Les entreprises perdent 40 milliards de livres

Les marchés se sont effondrés en réaction immédiate au référendum. La livre britannique a été cotée au plus bas en 31 ans. Le FTSE 250 – généralement considéré comme un meilleur indicateur des entreprises britanniques que le FTSE 100 – a noté les scores les plus faibles en 52 semaines.

Les plus grandes entreprises du Royaume-Uni ont perdu d'un coup 40 milliards de livres en valeur. Le cours des actions des banques Barclays et Royal Bank of Scotland (RBS) a chuté à tel point que le négoce a été automatiquement suspendu.

Accès plus difficile au marché européen

La faiblesse de la livre pourrait stimuler les exportations britanniques, mais de nombreux experts n’en sont pas convaincus. Pour commencer, le Royaume-Uni se base bien plus sur les importations que les exportations. Les spécialistes expliquent aussi qu’en Grande-Bretagne, la production et l’exportation des services ont une importante valeur ajoutée. Elles sont plus sensibles aux changements de demande qu’aux modifications de prix.

Environ 28% des produits britanniques sont vendus à l’étranger. 45% des exportations s'effectuent dans des pays de l'UE. L’accès au marché interne est incertain pour l’instant, mais la demande européenne va incontestablement être influencée.
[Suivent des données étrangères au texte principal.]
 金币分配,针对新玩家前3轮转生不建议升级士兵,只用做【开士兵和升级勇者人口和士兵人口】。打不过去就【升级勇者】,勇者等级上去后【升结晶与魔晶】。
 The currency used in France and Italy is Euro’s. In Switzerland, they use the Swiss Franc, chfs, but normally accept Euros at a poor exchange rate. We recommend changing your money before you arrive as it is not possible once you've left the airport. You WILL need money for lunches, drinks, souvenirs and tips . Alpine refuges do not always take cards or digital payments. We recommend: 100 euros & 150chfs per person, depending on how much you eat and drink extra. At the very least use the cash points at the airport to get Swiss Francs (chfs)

En association avec la demande, déjà faible, de la plupart des marchés émergents, il est fort probable que la livre moins chère profitera moins qu'escompté à l'économie. Pire encore, l’économie britannique va probablement ressentir davantage la pression exercée par des prix d’importation plus élevés que la croissance éventuelle des exportations.

Ce qui va jouer aussi, c’est que l’UE pourra imposer un tarif et un quota aux exportations britanniques vers l’Europe, et ainsi limiter les quantités de produits et services vendus.
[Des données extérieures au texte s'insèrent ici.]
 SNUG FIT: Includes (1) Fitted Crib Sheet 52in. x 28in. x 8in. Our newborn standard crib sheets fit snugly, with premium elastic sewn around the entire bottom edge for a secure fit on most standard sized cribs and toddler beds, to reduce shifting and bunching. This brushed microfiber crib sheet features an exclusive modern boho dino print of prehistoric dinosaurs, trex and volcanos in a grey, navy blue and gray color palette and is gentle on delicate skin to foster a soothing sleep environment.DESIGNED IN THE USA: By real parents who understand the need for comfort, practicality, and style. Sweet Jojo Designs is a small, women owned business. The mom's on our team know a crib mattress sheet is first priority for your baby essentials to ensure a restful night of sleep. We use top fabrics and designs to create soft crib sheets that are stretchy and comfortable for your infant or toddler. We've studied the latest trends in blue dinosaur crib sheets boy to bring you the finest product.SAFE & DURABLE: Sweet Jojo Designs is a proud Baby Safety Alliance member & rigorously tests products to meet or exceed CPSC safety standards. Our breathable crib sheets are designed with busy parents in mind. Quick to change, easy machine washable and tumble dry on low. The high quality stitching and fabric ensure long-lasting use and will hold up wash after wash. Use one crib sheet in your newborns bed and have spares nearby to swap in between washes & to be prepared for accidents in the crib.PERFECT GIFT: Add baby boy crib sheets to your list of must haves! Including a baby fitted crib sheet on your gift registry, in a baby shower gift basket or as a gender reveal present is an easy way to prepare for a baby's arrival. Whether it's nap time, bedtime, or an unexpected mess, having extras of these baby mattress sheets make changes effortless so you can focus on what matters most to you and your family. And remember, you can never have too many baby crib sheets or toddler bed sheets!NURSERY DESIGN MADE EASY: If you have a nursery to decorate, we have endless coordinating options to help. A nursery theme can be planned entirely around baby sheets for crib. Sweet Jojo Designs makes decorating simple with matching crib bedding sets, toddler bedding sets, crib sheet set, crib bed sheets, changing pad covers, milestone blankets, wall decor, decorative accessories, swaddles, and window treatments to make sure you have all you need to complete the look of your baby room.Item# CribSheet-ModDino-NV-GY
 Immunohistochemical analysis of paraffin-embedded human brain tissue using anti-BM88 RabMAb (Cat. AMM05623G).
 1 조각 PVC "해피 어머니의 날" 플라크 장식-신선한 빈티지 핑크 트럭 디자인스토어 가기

Plus de services financiers au Royaume-Uni

Les services financiers et professionnels contribuent pour environ 12% au PIB du Royaume-Uni. Le secteur financier à lui-seul offre un soutien indispensable à l'économie. Il donne du travail à plus d’un million de personnes.
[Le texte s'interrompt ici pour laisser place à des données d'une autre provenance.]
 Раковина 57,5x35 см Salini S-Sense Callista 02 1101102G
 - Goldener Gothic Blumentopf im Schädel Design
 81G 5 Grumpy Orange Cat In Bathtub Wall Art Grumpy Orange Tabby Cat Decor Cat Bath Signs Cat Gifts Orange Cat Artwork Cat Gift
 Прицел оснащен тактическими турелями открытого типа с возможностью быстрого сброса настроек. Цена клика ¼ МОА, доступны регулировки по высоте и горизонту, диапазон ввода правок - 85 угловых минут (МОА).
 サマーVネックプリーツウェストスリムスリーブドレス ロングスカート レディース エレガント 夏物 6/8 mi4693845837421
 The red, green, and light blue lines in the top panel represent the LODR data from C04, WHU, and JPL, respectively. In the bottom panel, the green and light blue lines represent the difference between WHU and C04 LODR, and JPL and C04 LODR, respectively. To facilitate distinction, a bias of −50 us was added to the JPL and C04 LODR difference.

À l’occasion du référendum sur le Brexit, le patron de la Banque centrale européenne a dit que Londres pourrait perdre son statut de capitale financière de l’Europe. Des messages dans les médias suggèrent un déplacement important des jobs financiers en Europe.

Selon les calculs de PwC pour l’organisation professionnelle TheCityUK, une sortie de l’UE pourrait mettre en péril 100.000 emplois dans le secteur financier. Les banques pourraient perdre leur compétence consultative pour les deals européens et l’autorisation de vendre en euros si le Royaume-Uni n’avait plus accès au marché interne. Ce qui signifierait un déménagement direct vers des villes européennes comme Paris, Francfort et Dublin.

Des perspectives incertaines

Les perspectives pour les entreprises et l'économie du Royaume-Uni sont incertaines pour l'instant. Elles sont beaucoup trop dépendantes des négociations autour de la sortie du Royaume-Uni de l'Union européenne.

Le secrétaire d’État Sajid Javid a une grande priorité dans les négociations UE : faire en sorte que le Royaume-Uni garde un accès au marché interne. Mais rien ne dit qu’il va y parvenir.

Cet article de blog est une traduction libre de l’article d’Alice Payne rédigé pour nos collègues britanniques.